Entries shown —
>>>
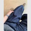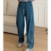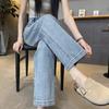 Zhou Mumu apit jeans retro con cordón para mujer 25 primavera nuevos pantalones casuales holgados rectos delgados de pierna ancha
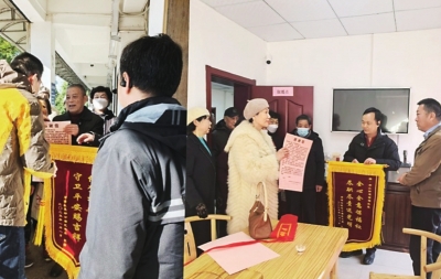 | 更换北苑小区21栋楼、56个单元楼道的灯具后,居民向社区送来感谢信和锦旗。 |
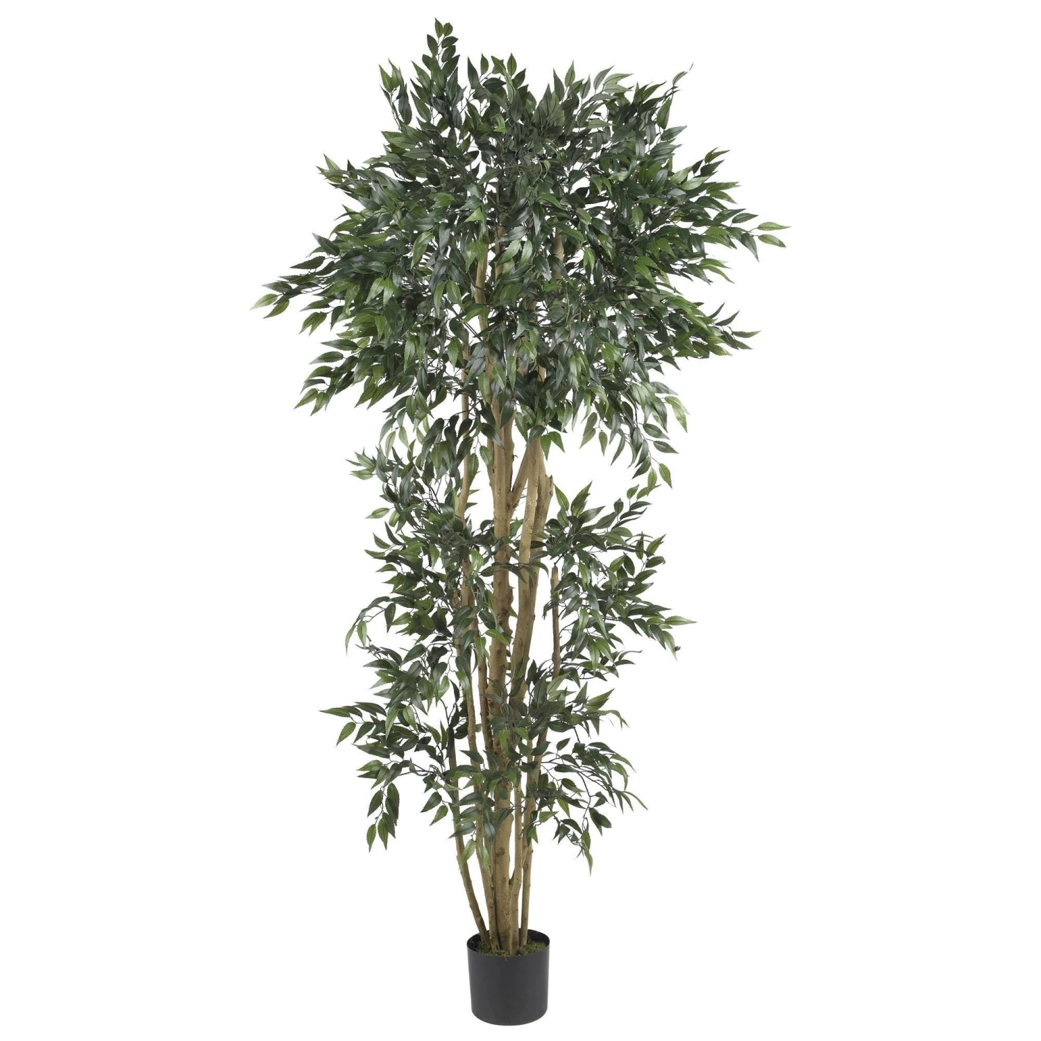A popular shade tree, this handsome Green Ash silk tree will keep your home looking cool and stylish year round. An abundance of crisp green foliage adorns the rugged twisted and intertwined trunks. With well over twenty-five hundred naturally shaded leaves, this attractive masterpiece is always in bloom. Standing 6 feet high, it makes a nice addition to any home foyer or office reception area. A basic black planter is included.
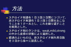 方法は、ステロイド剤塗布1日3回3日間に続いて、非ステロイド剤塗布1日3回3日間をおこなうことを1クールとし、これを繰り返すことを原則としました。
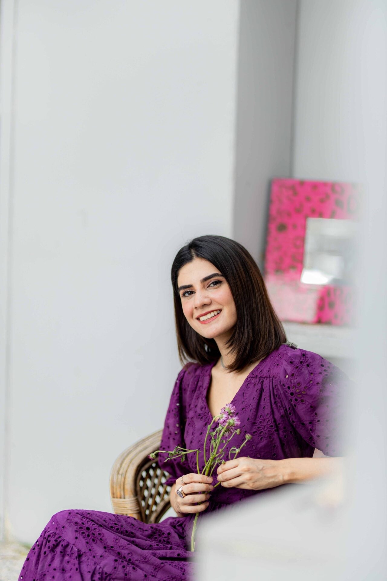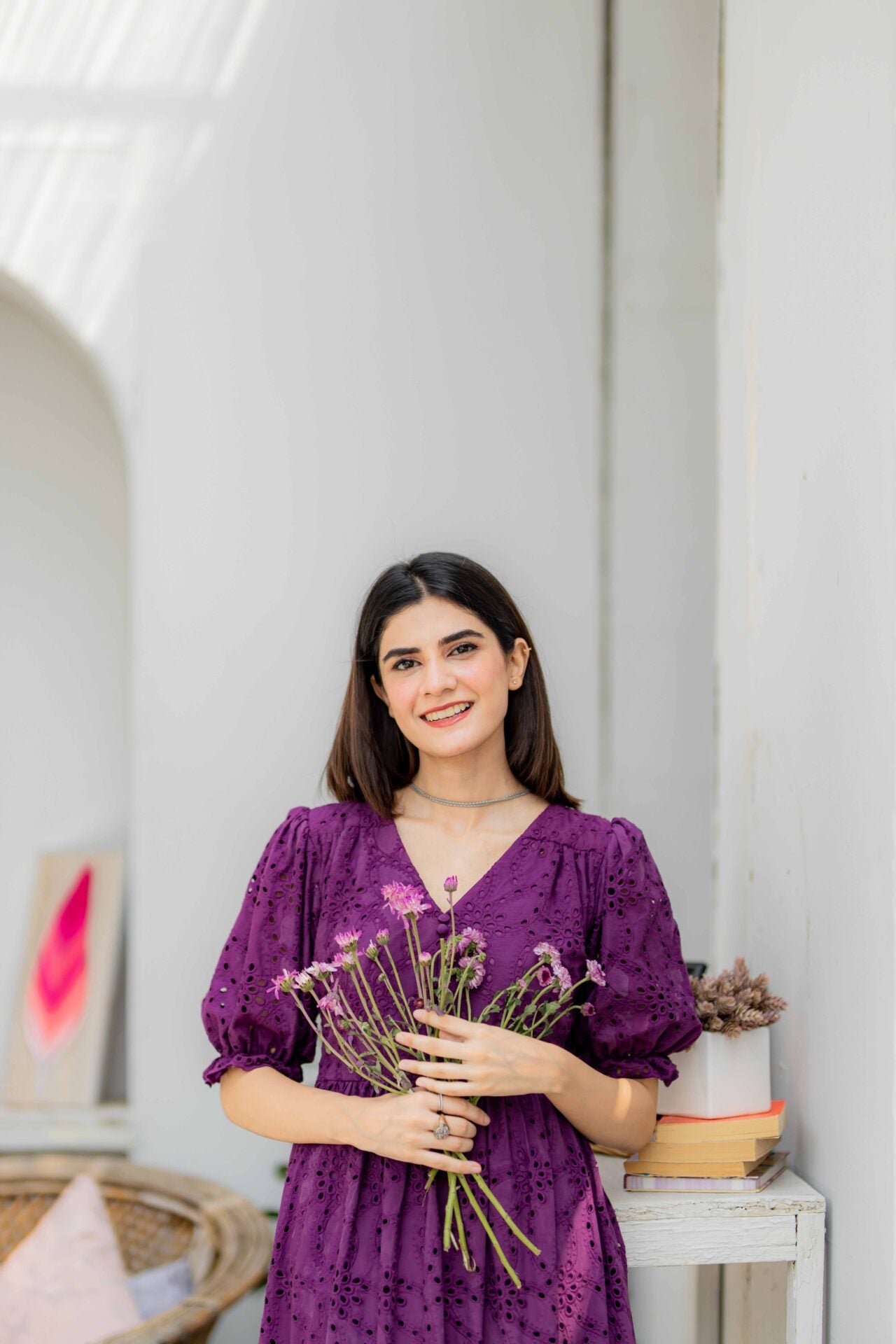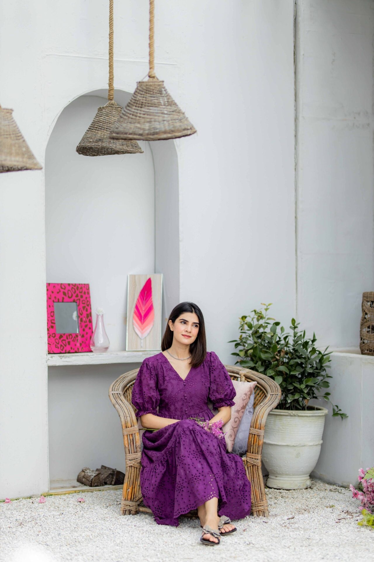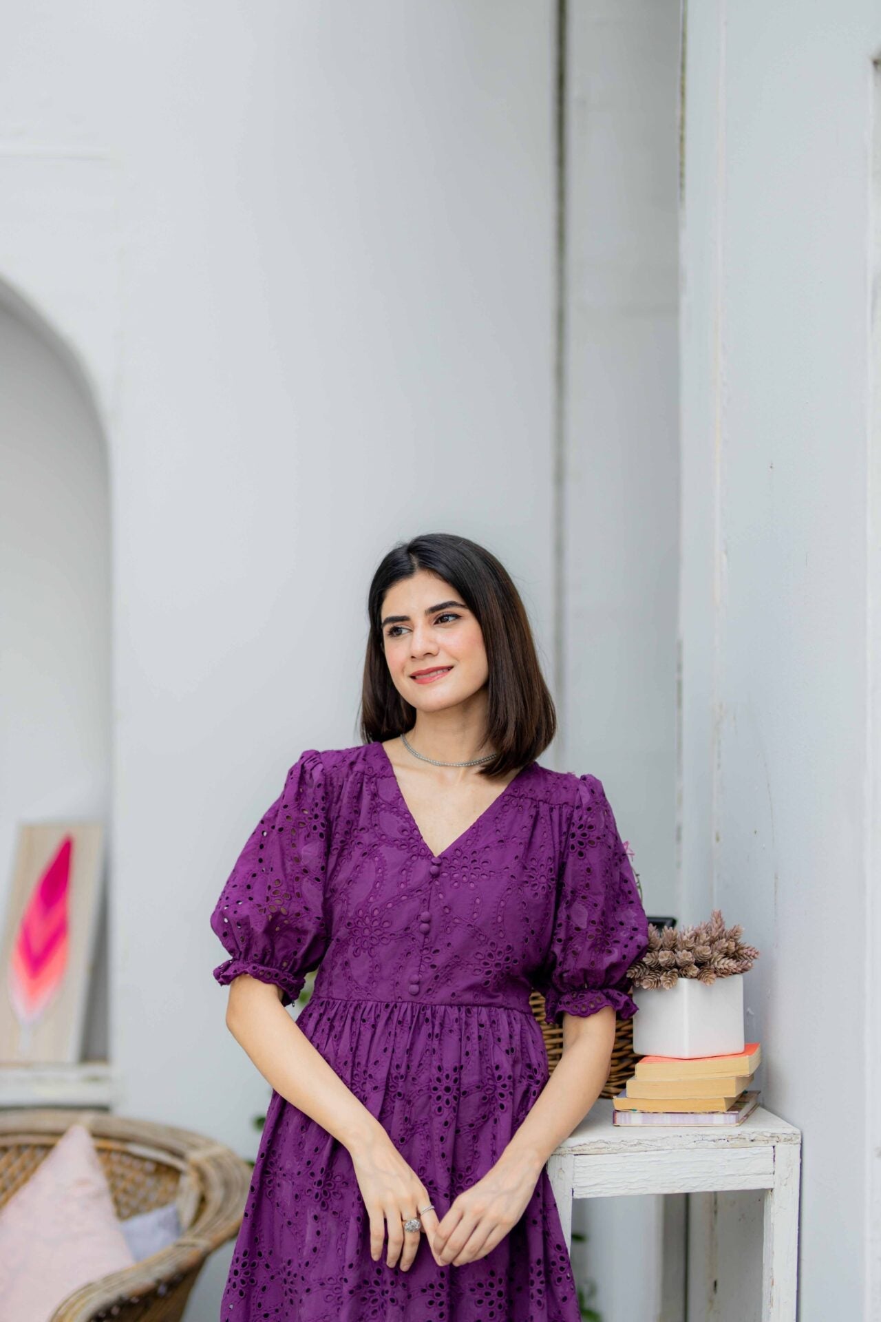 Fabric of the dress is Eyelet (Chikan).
<<<
>>>
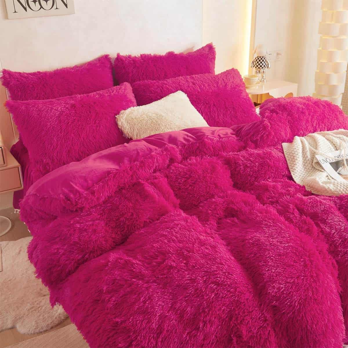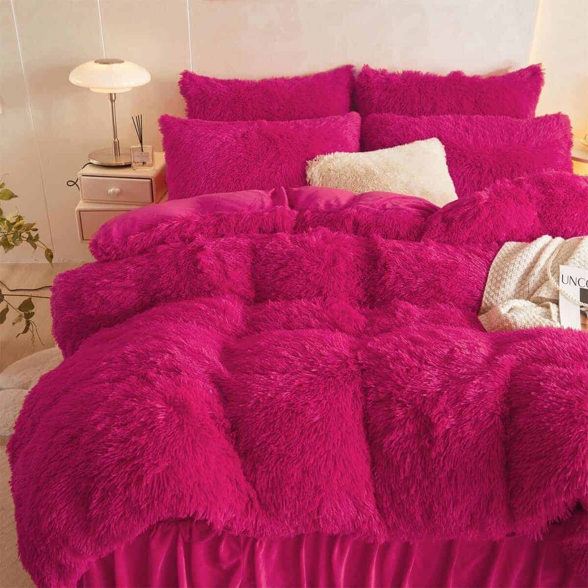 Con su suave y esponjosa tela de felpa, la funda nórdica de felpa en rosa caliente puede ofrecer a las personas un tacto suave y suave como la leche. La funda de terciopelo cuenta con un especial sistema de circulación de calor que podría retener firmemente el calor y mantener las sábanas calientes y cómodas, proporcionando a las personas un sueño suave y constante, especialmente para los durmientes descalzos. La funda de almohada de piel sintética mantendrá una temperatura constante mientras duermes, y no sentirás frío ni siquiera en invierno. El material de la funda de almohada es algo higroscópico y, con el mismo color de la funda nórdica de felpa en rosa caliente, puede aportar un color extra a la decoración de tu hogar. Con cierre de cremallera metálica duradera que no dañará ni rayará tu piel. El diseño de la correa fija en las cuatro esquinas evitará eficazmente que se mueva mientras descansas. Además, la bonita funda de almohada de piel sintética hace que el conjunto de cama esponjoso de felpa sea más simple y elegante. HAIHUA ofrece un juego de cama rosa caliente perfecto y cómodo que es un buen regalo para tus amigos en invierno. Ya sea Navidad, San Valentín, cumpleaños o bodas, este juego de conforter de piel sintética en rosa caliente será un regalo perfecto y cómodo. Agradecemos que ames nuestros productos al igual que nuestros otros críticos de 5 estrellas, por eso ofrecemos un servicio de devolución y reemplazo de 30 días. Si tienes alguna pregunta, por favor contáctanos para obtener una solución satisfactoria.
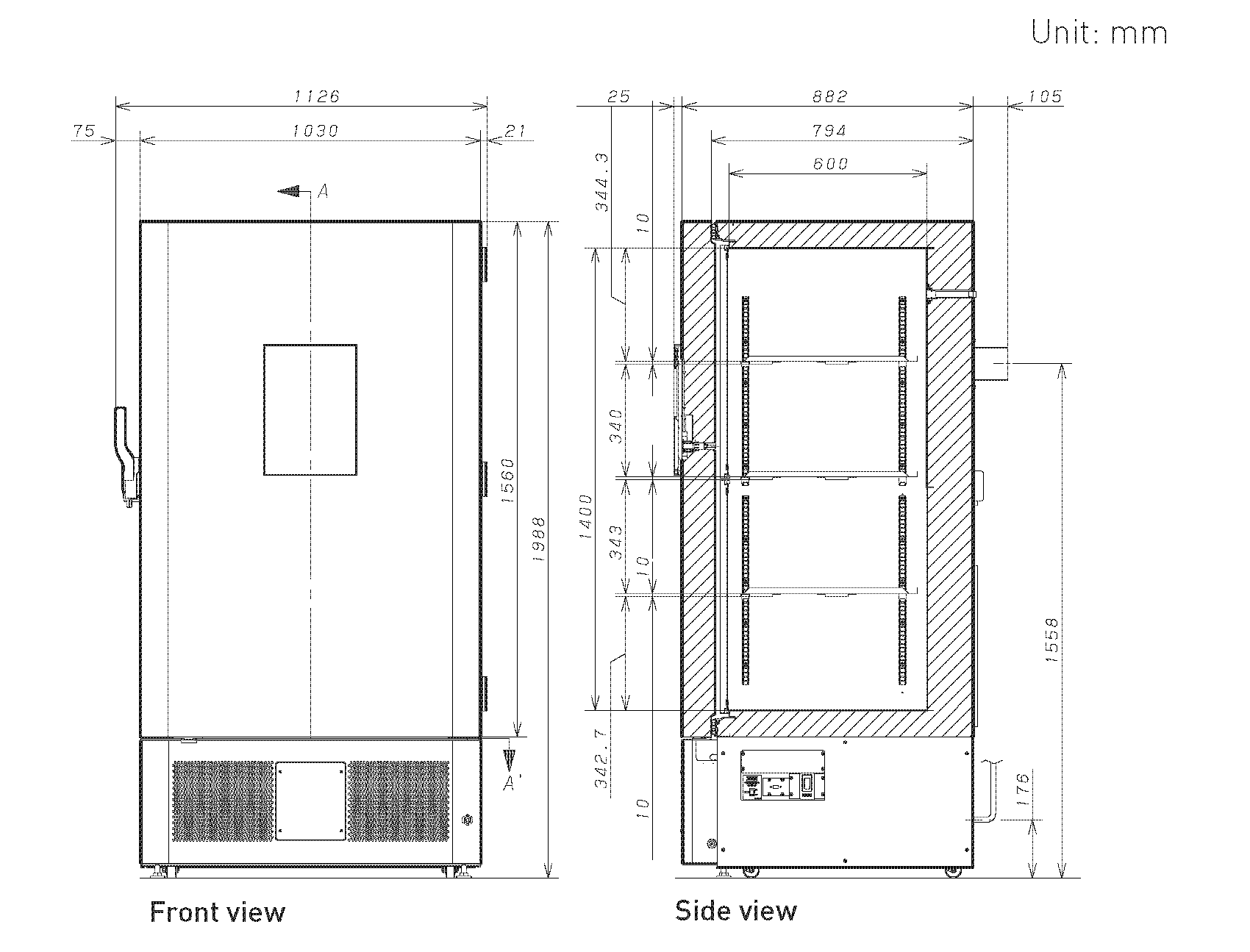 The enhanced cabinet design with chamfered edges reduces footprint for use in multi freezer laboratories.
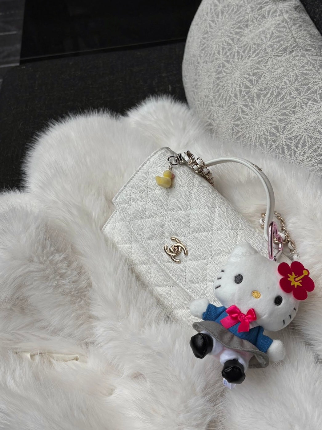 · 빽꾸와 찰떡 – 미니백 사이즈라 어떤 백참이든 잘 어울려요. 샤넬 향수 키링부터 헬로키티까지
<<<
Task to complete —
Copy everything above from the line holding "Zhou Mumu apit" down to the line holding "Fabric of the dress is Eyelet (Chikan).", both ends included, exactly as it stands and without the pictures.

Result below —
 Zhou Mumu apit jeans retro con cordón para mujer 25 primavera nuevos pantalones casuales holgados rectos delgados de pierna ancha
 | 更换北苑小区21栋楼、56个单元楼道的灯具后,居民向社区送来感谢信和锦旗。 |
A popular shade tree, this handsome Green Ash silk tree will keep your home looking cool and stylish year round. An abundance of crisp green foliage adorns the rugged twisted and intertwined trunks. With well over twenty-five hundred naturally shaded leaves, this attractive masterpiece is always in bloom. Standing 6 feet high, it makes a nice addition to any home foyer or office reception area. A basic black planter is included.
 方法は、ステロイド剤塗布1日3回3日間に続いて、非ステロイド剤塗布1日3回3日間をおこなうことを1クールとし、これを繰り返すことを原則としました。
 Fabric of the dress is Eyelet (Chikan).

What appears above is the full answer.